Taking Sanskrit to the masses

Institutions join hands to generate web content

September 21, 2017 12:53 am | Updated 12:53 am IST - TIRUPATI

Rashtriya Sanskrit Vidyapeetha Vice-Chancellor V. Muralidhara Sarma addressing a workshop in Tirupati on Wednesday.

Rashtriya Sanskrit Vidyapeetha Vice-Chancellor V. Muralidhara Sarma addressing a workshop in Tirupati on Wednesday.

A giant leap was taken on Wednesday in taking Sanskrit to the masses, when several national institutes joined hands to achieve synergy.
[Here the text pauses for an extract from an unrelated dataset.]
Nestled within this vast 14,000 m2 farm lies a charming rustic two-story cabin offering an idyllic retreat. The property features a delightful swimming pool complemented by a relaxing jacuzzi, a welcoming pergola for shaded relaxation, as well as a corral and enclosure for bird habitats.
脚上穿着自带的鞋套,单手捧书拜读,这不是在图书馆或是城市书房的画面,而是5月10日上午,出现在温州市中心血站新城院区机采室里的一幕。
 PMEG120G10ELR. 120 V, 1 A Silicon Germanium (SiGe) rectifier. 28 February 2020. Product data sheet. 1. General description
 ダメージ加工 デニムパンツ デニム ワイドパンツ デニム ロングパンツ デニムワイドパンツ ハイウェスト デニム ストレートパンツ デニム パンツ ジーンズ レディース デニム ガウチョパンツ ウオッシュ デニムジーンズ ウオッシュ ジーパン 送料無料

The best of brains from the domains of literary, academic, pedagogical and technological platforms converged for the mammoth task.
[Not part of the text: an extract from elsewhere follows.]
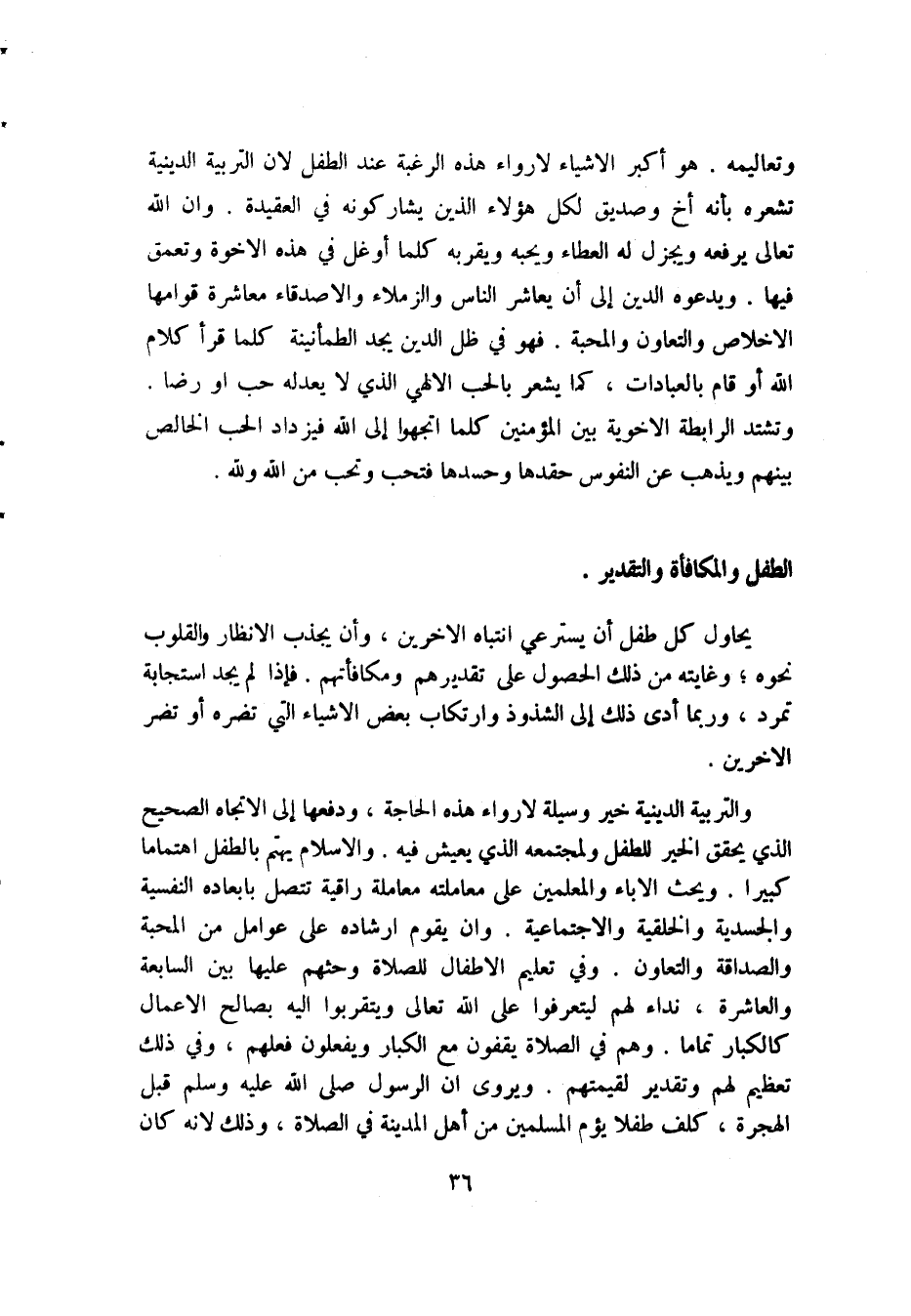 والتربية الدينية خير وسيلة لإرواء هذه الحاجة. ودفعها إلى الاتجاه الصحيح الذي يحقق الخير للطفل ولمجتمعه الذي يعيش فيه. والإسلام يهتم بالطفل اهتماما كبيرا. ويحث الأباء والمعلمين على معاملته معاملة راقية تتصل بأبعاده النفسية والجسدية والخلقية والاجتماعية. وأن يقوم إرشاده على عوامل من المحبة والصداقة والتعاون. وفي تعليم الأطفال للصلاة وحثهم عليها بين السابعة والعاشرة، نداء لهم ليتعرفوا على الله تعالى ويتقربوا إليه بصالح الأعمال كالكبار تماما. وهم في الصلاة يقفون مع الكبار ويفعلون فعلهم، وفي ذلك تعظيم لهم وتقدير لقيمتهم. ويروى أن الرسول -صلى الله عليه وسلم- قبل الهجرة، كلف طفلا يؤم المسلمين من أهل المدينة في الصلاة؛ وذلك لأنه كان

Representatives of Rashtriya Sanskrit Sansthan (New Delhi), Lal Bahadur Shastri Rashtriya Sanskrit Vidyapeetha (New Delhi), Sanskrit Samvardha Parishad (New Delhi), Sanskrit Academy (Melkote), Vaidika Samshodhana Mandala (Pune), Karnataka Sanskrit University (Bengaluru), Kalidasa Sanskrit University (Ramtek, Nagpur), Samskruta Bharati (Bengaluru), Chinmaya Sanskrit Vishwa Vidyapeeth (Veliyanad, Ernakulam) and Indian Institute of Technology Kanpur participated in the two-day national workshop on ‘Digitised Sanskrit Corpus’, under way on the Rashtriya Sanskrit Vidyapeetha campus here on Wednesday.

They not only discussed the status of projects in progress and the future tasks on hand, but also dwelt upon upgrading to the latest technology in terms of platform and operating system so as to generate searchable content at the click of a mouse.

While so many institutes have converted paper content into digital format over a decade, thus giving scope for duplication, the current exercise is to avoid redundancy and also adapt to the latest technology available in the world of web. Speaking to The Hindu on the sidelines of the workshop, Rashtriya Sanskrit Sansthan Vice-Chancellor P.N. Shastry said that the larger goal was to take Sanskrit texts to the reach of every researcher, and ultimately benefit society.

Lakhs of pages of digital content generated all these years was now being scrutinised for literary clarity, scholastic authenticity, technological congruence and system compatibility, besides working towards ensuring uniformity in search definitions. “The Tirupati Vidyapeetha has alone digitised 804 textbooks running into six lakh e-pages”, announced its Vice-Chancellor V. Muralidhara Sarma.

The institutes will be inking a Memorandum of Understanding (MoU) to define the scope of the project, identify new content and also enable transliteration, Prof. Sarma said.